2. The method for evaluating the quality of text-based videos based on modular design according to claim 1, characterized in that, The pre-trained multimodal base model includes mPLUG-OWL2 or SigLIP2; the input prompts for the base model are formatted text, and the output is a weighted score of a preset category label.
3. The method for evaluating the quality of text-based videos based on modular design according to claim 1, characterized in that, The total loss function is as follows: in, These represent the model prediction and the true label, respectively, with loss0 and loss1 being the fidelity losses described in section 5.

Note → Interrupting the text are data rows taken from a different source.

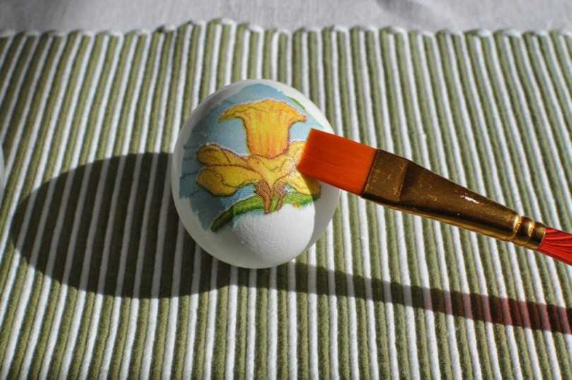 - Нанесите клей для декупажа на яйцо и обратную сторону рисунка, затем быстро наложите и расправьте рисунок.
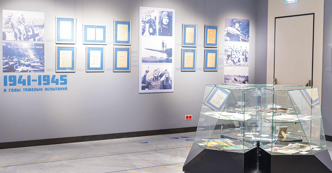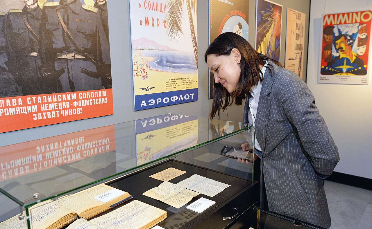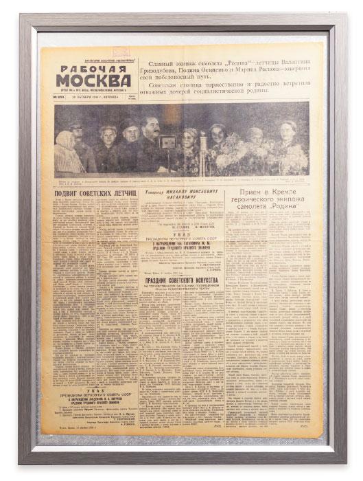 Среди экспонатов есть и пожелтевшая страница газеты «Рабочая Москва» от 28 октября 1938 года. Первая полоса посвящена подвигу летчиц Валентины Гризодубовой, Полины Осипенко, Марины Расковой, совершивших беспосадочный перелет Москва — Дальний Восток. Экипаж поставил мировой рекорд среди женщин по дальности полета — 6450 км.
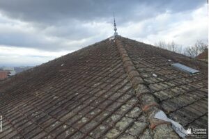 Vue extérieure de la toiture recouverte de mousses et de lichens
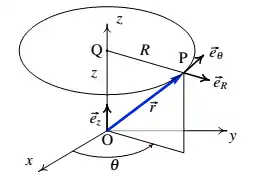 A figura ao lado mostra as três coordenadas cilíndricas (, , ) do Ponto P.

4. A text-based video quality assessment system for implementing the method of any one of claims 1-3, characterized in that, include: The feature extraction module is used to extract temporal features, spatial features, and image-text matching features from text-based videos; The basic scoring module is used to generate initial quality scores for video-text pairs based on the base model; The score correction module applies the weights and biases generated after feature mapping to the base score to obtain the corrected predicted score. The training module is used to train the Wensheng video quality assessment model in a supervised manner using a minimum batch learning strategy.
5. The text-based video quality evaluation system according to claim 4, characterized in that, The feature extraction module supports traditional CNN models or mainstream multimodal large models as feature extractors, extracting the output of the last hidden layer as feature representation.
6. An electronic device comprising a memory, a processor, and a computer program stored in the memory and executable on the processor, characterized in that, When the processor executes the program, it implements the method as described in any one of claims 1-3.
7. A computer-readable storage medium having a computer program stored thereon, characterized in that, When the program is executed by the processor, it implements the method as described in any one of claims 1-3.